Sorry, Looks like my suggestion won't help unless you were able to specify
the schema with the original load statement. If the number of field is ONLY
available at runtime but each row have the same number field and you know
the position of join key, then I have a ugly approach. First, sample the
first line to get the number of fields. Write a UDF that takes all fields
of the data. Pass the number to UDF and override the method public Schema
outputSchema(Schema input) to output a complete schema. your exec method
would return the tuple with same length as input tuple and convert each
item in tuple to the datatype you know. The resulting relation should have
valid schema.
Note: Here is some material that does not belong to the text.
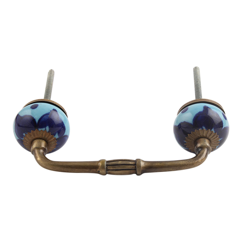 Blueanemone Flower Ceramic Bridge Handle. Ideal for Drawer, Dresser, Cabinet, Wardrobe, Cupboard and Almirah.
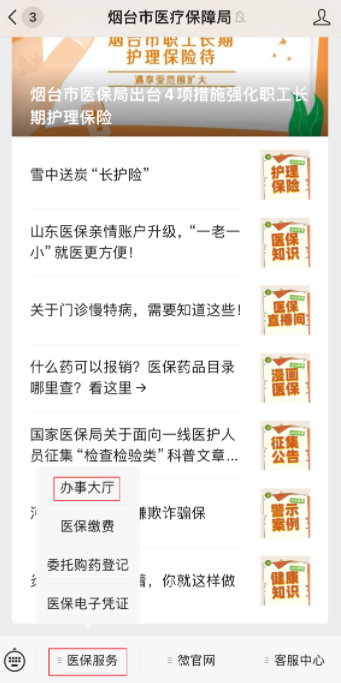 2.关注“烟台市医疗保障局”微信公众号激活申领

But I don't know how to pass the number to UDF efficiently. I
hope some one can have better suggestions.
On Mon, Jan 7, 2013 at 5:48 PM, Chan, Tim <[EMAIL PROTECTED]> wrote:
> Hi Jinyuan,
> Since I don't know how many columns I will have, I do something like this.
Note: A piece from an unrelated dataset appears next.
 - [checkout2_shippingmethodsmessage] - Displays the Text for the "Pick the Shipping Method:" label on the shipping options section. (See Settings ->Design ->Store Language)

> six_month_and_variable_month_sales_2 = FOREACH
> GENERATE $0 AS ed_style_id,
> $1 AS sale_start_month,
> $2 AS sale_month_1,
> $3 AS sale_month_2,
> $4 AS sale_month_3,
> $5 AS sale_month_4,
> $6 AS sale_month_5,
> $7 AS sale_month_6,
> $8 ..;
> I still get the same error when I try to join on this relation.
> On Mon, Jan 7, 2013 at 2:27 PM, Jinyuan Zhou <[EMAIL PROTECTED]>
> > If you can load it but join operation need the complete schema, then you
> > can try do a generate statement to project your original relation to
> > produce the one you can define schema for all fields.
> > On Mon, Jan 7, 2013 at 2:19 PM, Chan, Tim <[EMAIL PROTECTED]> wrote:
> > > Is it possible to declare a schema when doing a LOAD for data in which
> > you
> > > do not know the total number of columns?
> > >
> > > For instance. I know the data contains 6 or more columns. These columns
> > are
> > > of the same data type.
> > >
> > > I basically want to join this data with another data set, but I was
> > getting
> > > the following error:
> > >
> > > ERROR 1109: Input (six_month_and_variable_month_sales) on which outer
> > > join is desired should have a valid schema
> > >
> > --
> > -- Jinyuan (Jack) Zhou
-- Jinyuan (Jack) Zhou